Arrgh Being a Job Seeker: What if There was a Solution for All the Madness? | Job Seeker Selfies

5 min readDec 23, 2022

Written by Sandrine Bukeyeneza

Being a job seeker is by far the most challenging role I have ever taken on; it is extremely time consuming and often does not produce the desired results and not to mention frustrating at times.

I got my first job when I finished high school and because I had never had a job before, I did not know how to put together a resume in a way to that would help me stand out from other applicants. These are not skills that we are taught in high school so you can imagine how difficult it would have been to navigate through this new territory. Going to university I thought I would be better prepared to find a job in my field of study. But as graduation draws near, the thought of having to search for a job in my field of study is daunting.

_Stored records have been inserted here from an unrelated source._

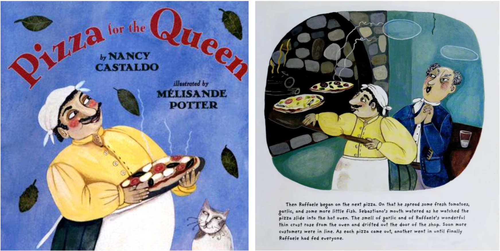 When my oldest child was five, early in 2006, we read Pizza for the Queen by Nancy Castaldo. It’s a simple story: Raffaele, a Neapolitan baker, learns one morning in 1889 that Queen Margherita wants him to make her a pizza. He spends the day shopping for ingredients, feeding his customers, and, ultimately, inventing a pie featuring red, white, and green toppings in honor of the Italian flag.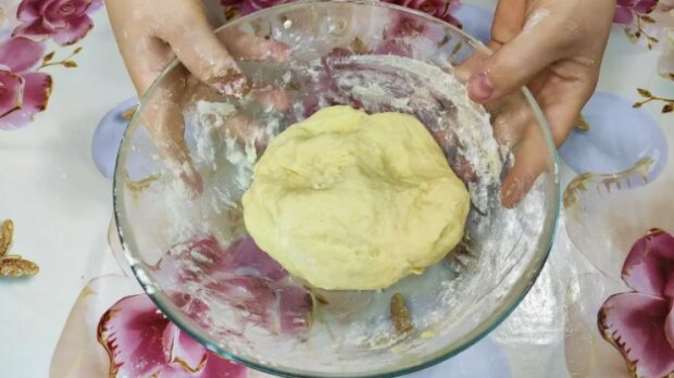 Wbij jajko do głębokiej miski, dodaj cukier i zamieszaj. Następnie wlej masło i kefir. Wymieszaj ponownie, aby uzyskać jednorodną masę. Teraz dodaj suche składniki - mąkę i proszek do pieczenia. Wymieszaj i ugniataj ciasto.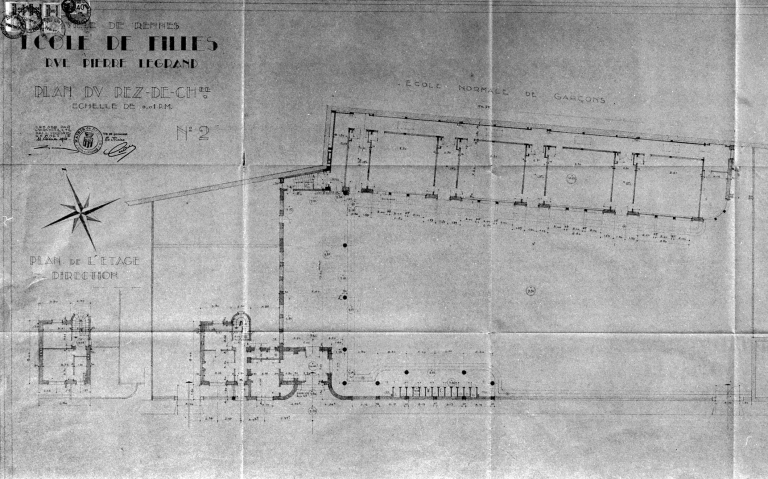 Plan du rez-de-chausée, dessin, 1934, par Yves Lemoine (A. C. Rennes ; 2 Fi 877)Immatriculation

Where to start? — is the question that often plays in my mind on a constant loop as I try to understand how I am going to launch my professional career.

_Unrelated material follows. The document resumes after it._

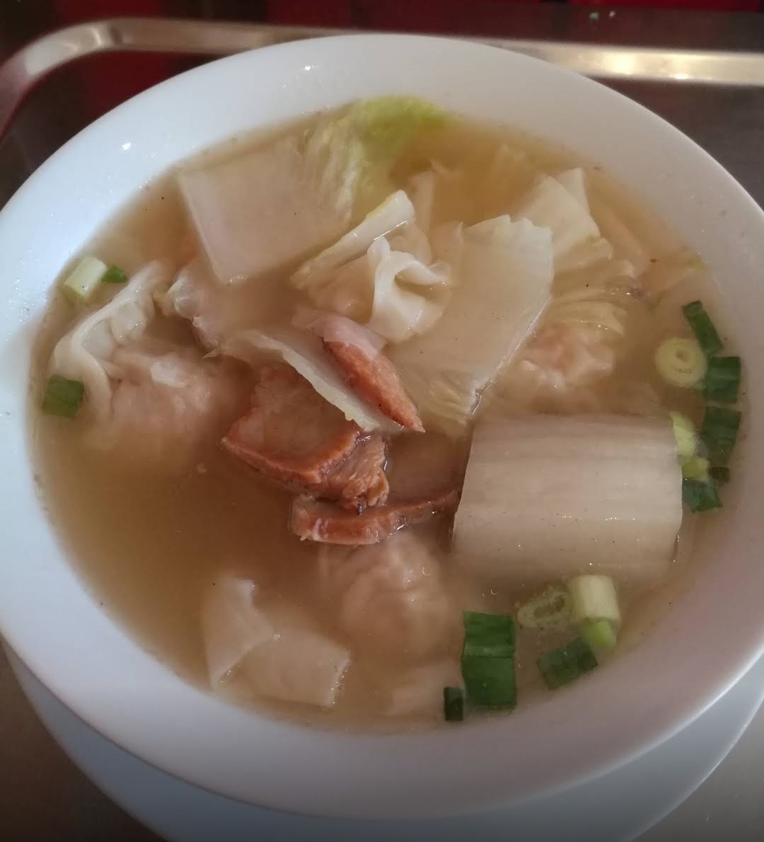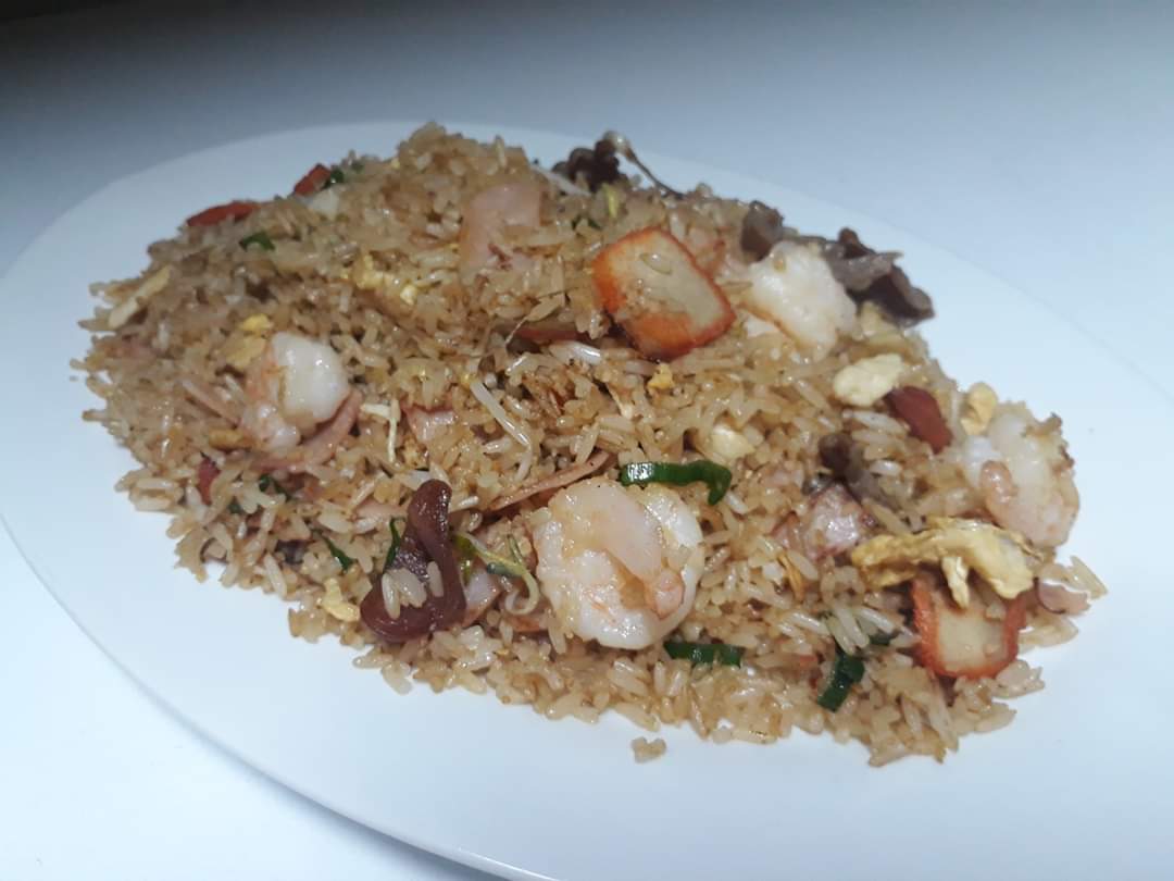 Pollo, jamón, chorizo chino, lechón, carne de res y camarón mediano.

Go to university, they said it will increase your chances of getting a great job.

Although that may be true, they leave out one important fact- graduate jobs are very competitive and for you to land one of these positions you need to stand out from all the other applicants.

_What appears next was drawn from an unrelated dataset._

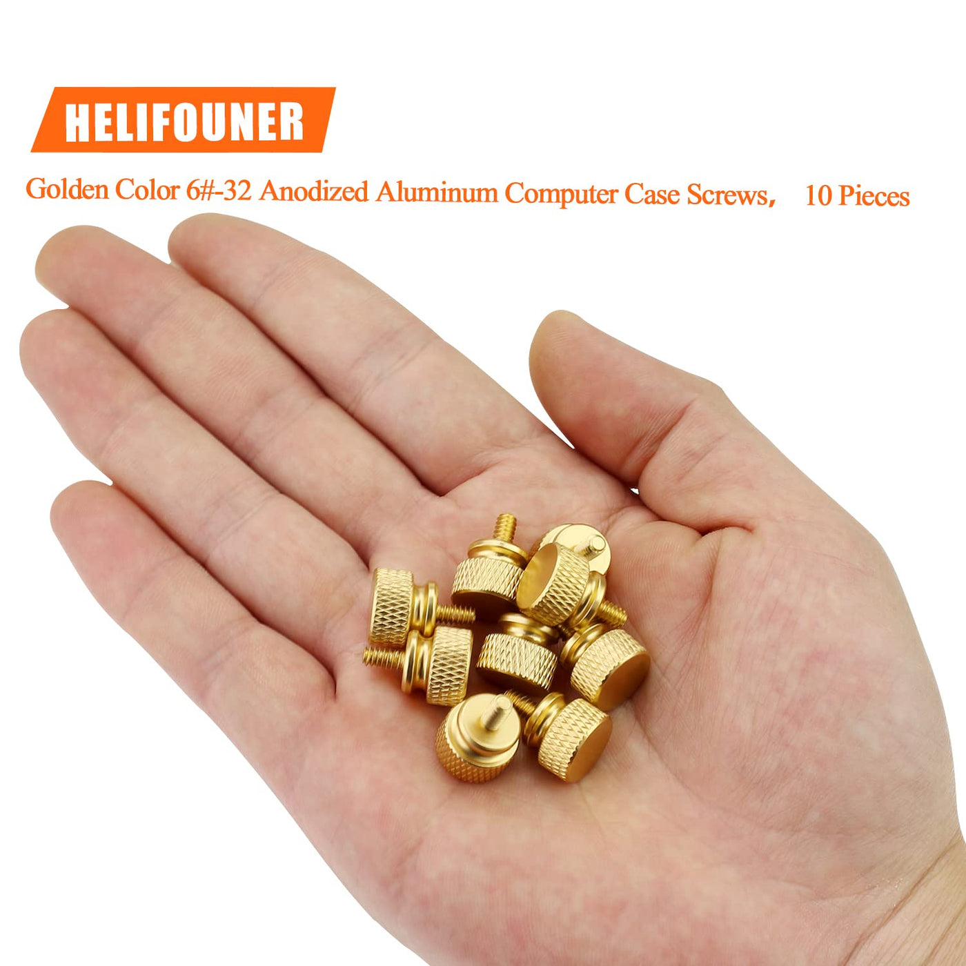 ?Specifications:? - Color: Gold - Size: 6 #-32 - Screw Thread: 6-32 - Material: Anodized Aluminum - Package Included: 10 Pieces Thumb Screws ?Features:? - Made Of High Quality Anodized Aluminum, Light Weight, No Fading, Antistatic, Long Service Life. - Easy To Install, Thumb Screw Design Have An Easy Grip Head Which Is Simple By Hand Installation. - Total 10 Pieces Gold Color Anodized Aluminum Thumb Screws, Enough Quantities Can Meet Your Daily Life Using. - Helifouner Thumb Screws Are Widely Used For Most Computer Case, Cover, Power Supply, Hard Drives, Motherboard Mounting. ?Package Included:? Helifouner 10 Pieces Gold Color Anodized Aluminum Computer Case Thumbscrews. Choking Hazard -- Small Parts. Not For Children Under 3 Years. Note: 1, Warning: Small Parts, Keep Away From Children And Kids. 2, If You Have Any Questions, Please Feel Free To Contact Us At Any Time.

If you would like to find out some of the challenges I have encountered and what I did to overcome them as a job seeker, keep reading.

A limited professional network

It seems like these days getting a job is not about what you know but rather who you know. You have higher chance of getting in or being considered for a position if you know someone that works in the company that you are applying to. Having a limited professional network can be disadvantageous especially as you move towards establishing a professional career.

Unfortunately, the importance and or the benefits of having a professional network are not stressed enough or even at all in universities. Completing an internship enables you to establish crucial networking connections.

Networking, for some students can be a stepping-stone to various opportunities within the organisation, including full-time work. The more people that you connect with in the professional space that share the same interests as you, will increase your chances of building a professional network. It is also encouraged that you engage with people from diverse backgrounds and different skills from your own, this will help you understand how to work with diverse people in various work environments.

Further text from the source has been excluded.